Vaccination rates for the pandemic H1N1 influenza virus have varied widely around the country, with New England having the highest vaccination rates and the South having the lowest, the Centers for Disease Control and Prevention reported Thursday in the Morbidity and Mortality Weekly Report.
Rhode Island had the highest overall rate of vaccination for the swine flu, with about 39% of its population immunized, while Mississippi had the lowest rate, with only 13% receiving the shot. Georgia had the lowest rate of vaccination among children, with only 21% of them receiving the shots. Perhaps coincidentally, Georgia is now the state with the highest level of ongoing swine flu activity. "It's possible that [the outbreak there] is related to vaccine coverage," Dr. Anne Schuchat, director of the CDC's National Center for Immunization and Respiratory Diseases said Thursday in a telephone news conference. "It's possible there are more people susceptible to the virus there. It's also possible that they are a herald of what could happen in other states." Georgia and other Southern states were the ones first affected in last fall's second wave of swine flu.
California was in the middle of the pack, with 31.2% of children under age 18 vaccinated, 27.7% of young adults in the targeted high-risk groups and 13.9% of those aged 25 to 64 who were not in the targeted groups.
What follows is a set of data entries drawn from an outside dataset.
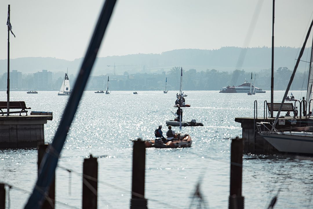 Am zweiten Tag war es komplett flau, so dass sich die Liga-Seglerinnen und Segler die Zeit mit Wakeboard-Fahren vertrieben, zudem bot das großzügige Gelände des Konstanzer Yacht-Club Gelegenheit zum Relaxen. „Das Rahmenprogramm, dass der Konstanzer Yacht-Club auf die Beine gestellt hat, war eine perfekte Entschädigung für die Flaute“, sagt Oliver Schwall. „Alle hatten ein super Wochenende, wären aber gerne mehr gesegelt.“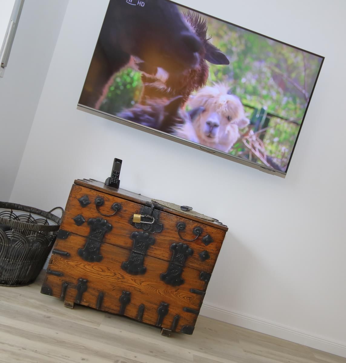 ca. 48 m². Wohnraum mit großer Couch, Sessel und separatem Eßplatz, Smart-TV, W-Lan Anschluss ( ohne Gewähr ), Nord-Westbalkon mit Balkonmöbeln, separate Küche mit Mikrowelle, 1 Schlafzimmer mit Boxspringbett, im kleinen Schlafzimmer/Kinderzimmer befindet sich ein ausziehbares Kojenbett für 2 Kinder.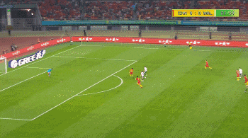 国足后场传球失误,沃克斯直传,贝尔梅开二度。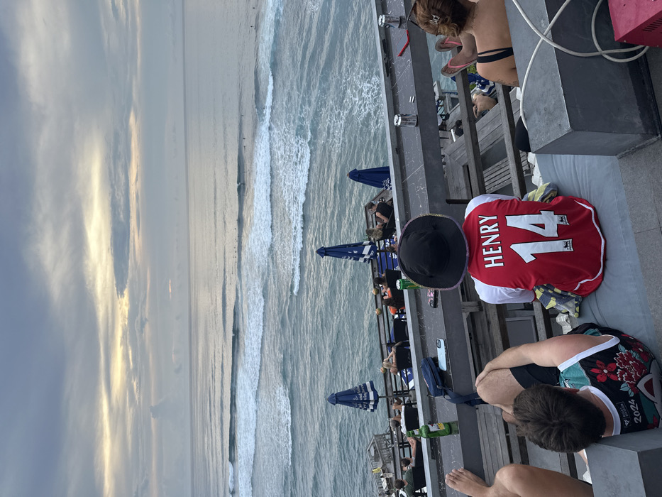 The image depicts an outdoor, multi-level terraced bar or restaurant overlooking the ocean in Uluwatu, Indonesia, during overcast conditions with a soft, yellowish light near the horizon. In the foreground, four individuals are partially visible, seated on a gray concrete bench facing the ocean. From left, bare legs and feet are visible. Next, a person with dark hair wears a white, black, and red patterned tank top. Central to the frame, a person wears a black bucket hat and a red football jersey with "HENRY" and the number "14" on the back. To the right, a person with light brown hair and pink flip-flops is partially obscured by a concrete barrier. A dark gray counter runs horizontally across the mid-ground. Upon it, from left to right, are a green beer bottle, a blue pouch, a light blue smartphone, a dark-colored smartphone in a patterned case, two silver beverage cans, and a red smartphone. Below this counter, a wooden railing is visible. Further down, on a lower deck or terrace closer to the ocean, approximately eight to ten individuals are seated at tables or on lounges, also facing the water. Several blue umbrellas are open. Objects resembling coconuts are visible on some tables. This lower deck features wooden structures and railings. In the background, the vast ocean extends to the horizon. Numerous white-capped waves are present. Multiple small figures, identified as surfers, are scattered across the water, either paddling, waiting for waves, or riding them. The sky is predominantly overcast with dark and light gray clouds, with a thin band of subdued yellowish-orange light visible above the ocean horizon.

The survey results, which covered the period through the middle of February, indicate that 72 million to 81 million Americans were vaccinated against swine flu and 81 million to 91 million doses were administered. Children under the age of 10 require two doses. Overall, about one in four people were vaccinated, but there was a wide variation in percentages, with three times as many people vaccinated in the most successful states as in the least successful. "We had a great success with children and a greater success with the target population than the population in general," Schuchat said. "Overall, the country did an extraordinary job in responding."
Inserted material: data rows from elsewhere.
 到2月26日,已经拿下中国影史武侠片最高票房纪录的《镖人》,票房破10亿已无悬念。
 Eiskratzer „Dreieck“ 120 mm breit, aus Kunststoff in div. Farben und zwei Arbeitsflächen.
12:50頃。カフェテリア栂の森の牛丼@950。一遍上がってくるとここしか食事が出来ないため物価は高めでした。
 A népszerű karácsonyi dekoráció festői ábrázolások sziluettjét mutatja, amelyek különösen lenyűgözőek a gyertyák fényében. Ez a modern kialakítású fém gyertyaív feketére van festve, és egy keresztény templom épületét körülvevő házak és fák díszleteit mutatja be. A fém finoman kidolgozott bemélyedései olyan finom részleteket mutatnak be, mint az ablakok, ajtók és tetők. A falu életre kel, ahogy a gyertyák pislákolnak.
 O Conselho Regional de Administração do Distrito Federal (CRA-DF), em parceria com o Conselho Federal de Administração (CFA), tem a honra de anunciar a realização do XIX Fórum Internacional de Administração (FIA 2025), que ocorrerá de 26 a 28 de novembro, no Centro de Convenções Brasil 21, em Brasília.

The vaccination effort among healthcare workers was less successful, however. About 62% of them received seasonal flu vaccinations -- the highest rate in recent years -- but only 37% of them got a swine flu shot. The highest vaccination rates were observed among those who worked in intensive care units, in burn units and with obstetric patients. If employers recommended or required vaccination, employees were much more likely to get them. "The healthcare environment is one where infections can spread," Schuchat said, and officials are happy that seasonal flu vaccination rates are rising, but disappointed that the same is not true for swine flu.
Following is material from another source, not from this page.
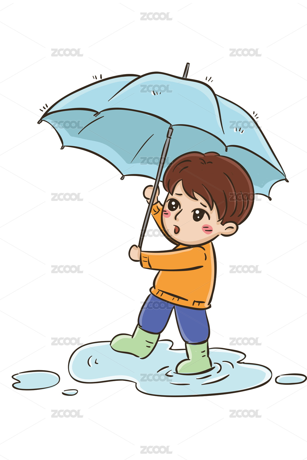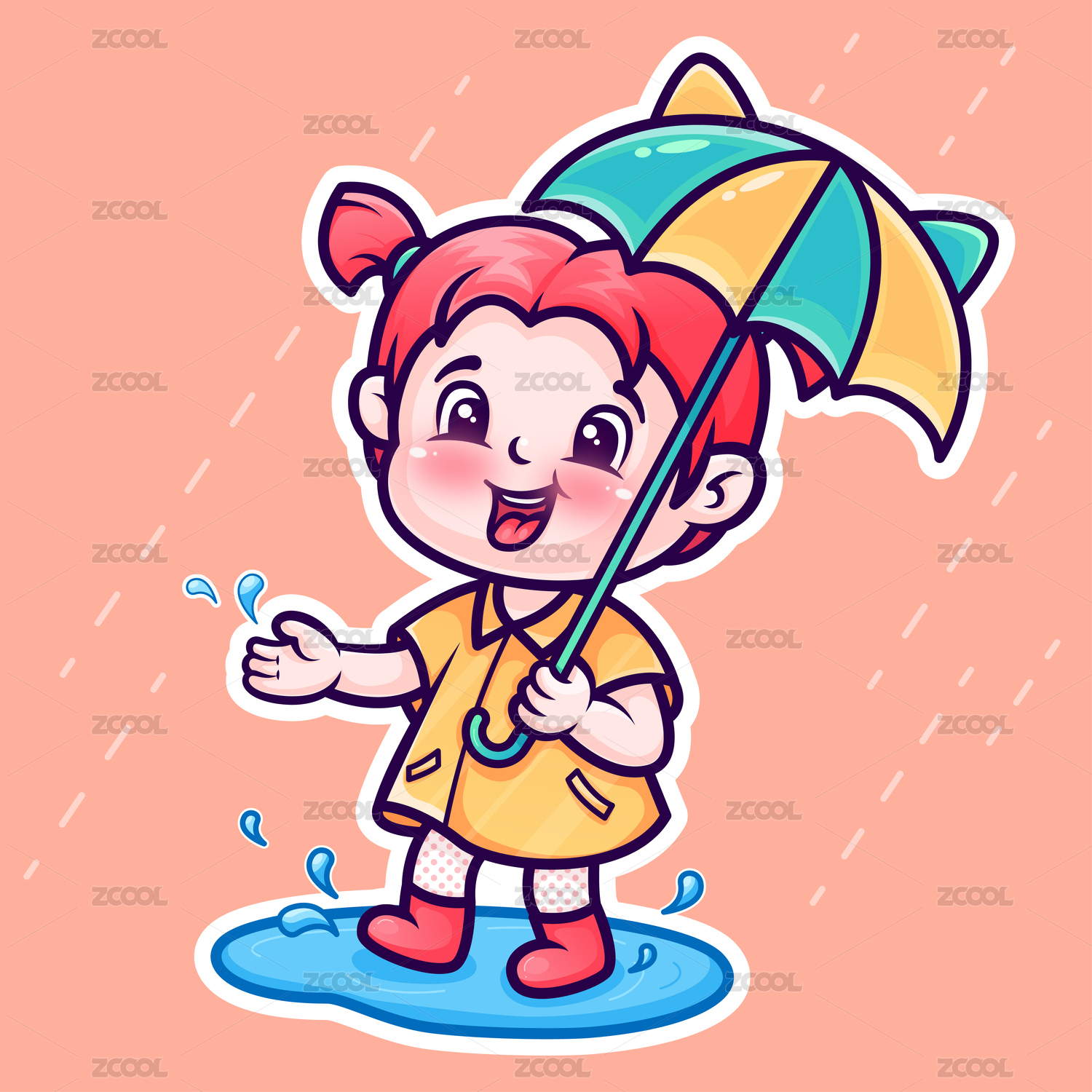 兒童節(jié) 可愛小女孩雨中打傘踩水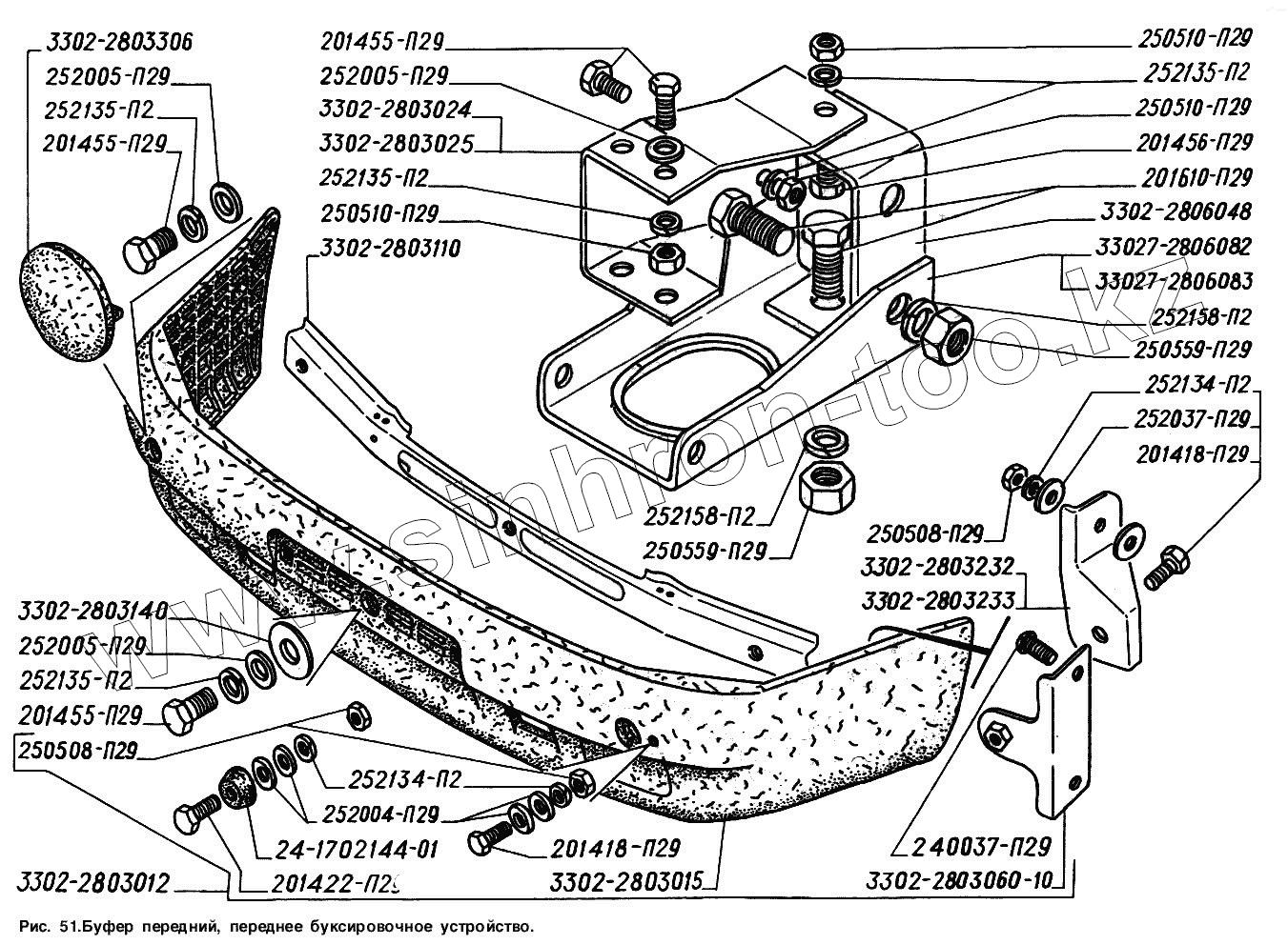 Каталог запасных частей к технике: ГАЗ-2217 (Соболь). Буфер передний, переднее буксирное устройство

So far, the government has shipped 126 million doses of swine flu vaccine and another 36.5 million finished doses are in storage. The government also has bulk antigen in storage, but that has a much longer shelf life and could potentially be used in next season's seasonal flu vaccine. Schuchat conceded that many doses of the vaccine probably will have to be discarded, but "we made a conscious decision to have more than enough doses of vaccine rather than less than enough."